One Mistake Sequence

I'm working a lot with URLs that contain ids and very often, I made a mistake in one digit of the long id and end up with a completely different element. If I don't pay attention, then I end up looking at two elements thinking they are the same and am intrigued until I find out the mistake.

In order to avoid that, I wanted to know if I could make a sequence of ids where making one mistake would not give a valid id. For example, if you have the id 473, then you have to black list all the ids where the first digit is wrong (073, 173, 273, 373, 573, 673, 773, 873, 973) and the second being wrong (403, 413, 423, 433, 443, 453, 463, 483, 493) and the last one (470, 471, 472, 474, 475, 476, 477, 478, 479).
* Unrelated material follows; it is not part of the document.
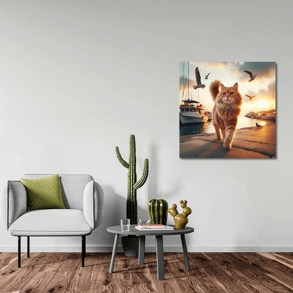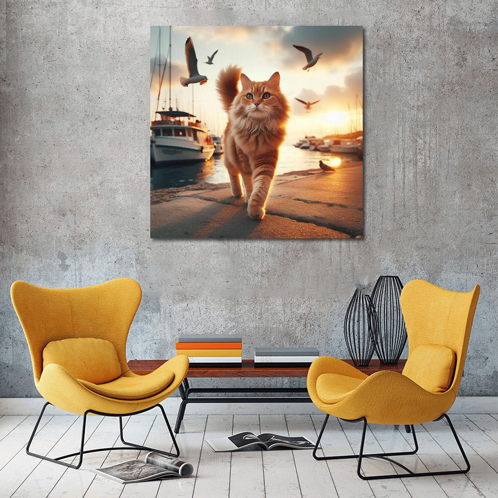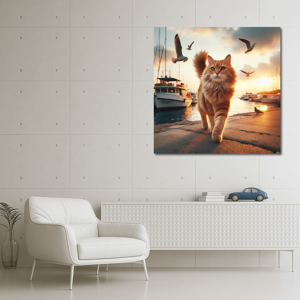 Sunset Walk of the Cat along the Embankment: Evening Comfort and Dreaminess Wall Art

Here is the list of the first pseudo-numbers:

  1. 011
  2. 022
  3. 033
  4. 044
  5. 055
  6. 066
  7. 077
  8. 088
  9. 099
  10. 101
  11. 110
  12. 123
  13. 132
  14. 145
  15. 154
  16. 167
  17. 176
  18. 189
  19. 198
  20. 202
  21. 213
  22. 220
  23. 231
  24. 246
  25. 257
  26. 264
  27. 275
  28. 303
  29. 312
  30. 321
  31. 330
  32. 347
  33. 356
  34. 365
  35. 374
  36. 404
  37. 415
  38. 426
  39. 437
  40. 440
  41. 451
  42. 462
  43. 473
  44. 505
  45. 514
  46. 527
  47. 536
  48. 541
  49. 550
  50. 563
  51. 572
  52. 606
  53. 617
  54. 624
  55. 635
  56. 642
  57. 653
  58. 660
  59. 671
  60. 707
  61. 716
  62. 725
  63. 734
  64. 743
  65. 752
  66. 761
  67. 770
  68. 808
  69. 819
  70. 880
  71. 891
  72. 909
  73. 918
  74. 981
  75. 990

And here is a visual representation of those numbers:

For each digit in the number, we blacklist 9 other numbers. For a 5 digits number (eg 12345), that means blacklisting 45 numbers. For a 10 digits number (eg 1234567890), that means blacklisting 90 numbers. The number of blacklisted numbers only grows at a logarithmic scale.

In order to see how many numbers we lose, I plotted the ratio of pseudo numbers count compared to the real numbers. We can roughly keep one number every fifteen. But the good news is that the ratio doesn't fall off the chart as the numbers grow.

Looking at the numbers, they looked like to go from 10 to 10 but with some huge spikes and sometimes they were closer. So I plotted the difference between two consecutive numbers in a chart and it looks like the difference is centered around 10. But the variance is getting higher and higher as you move further.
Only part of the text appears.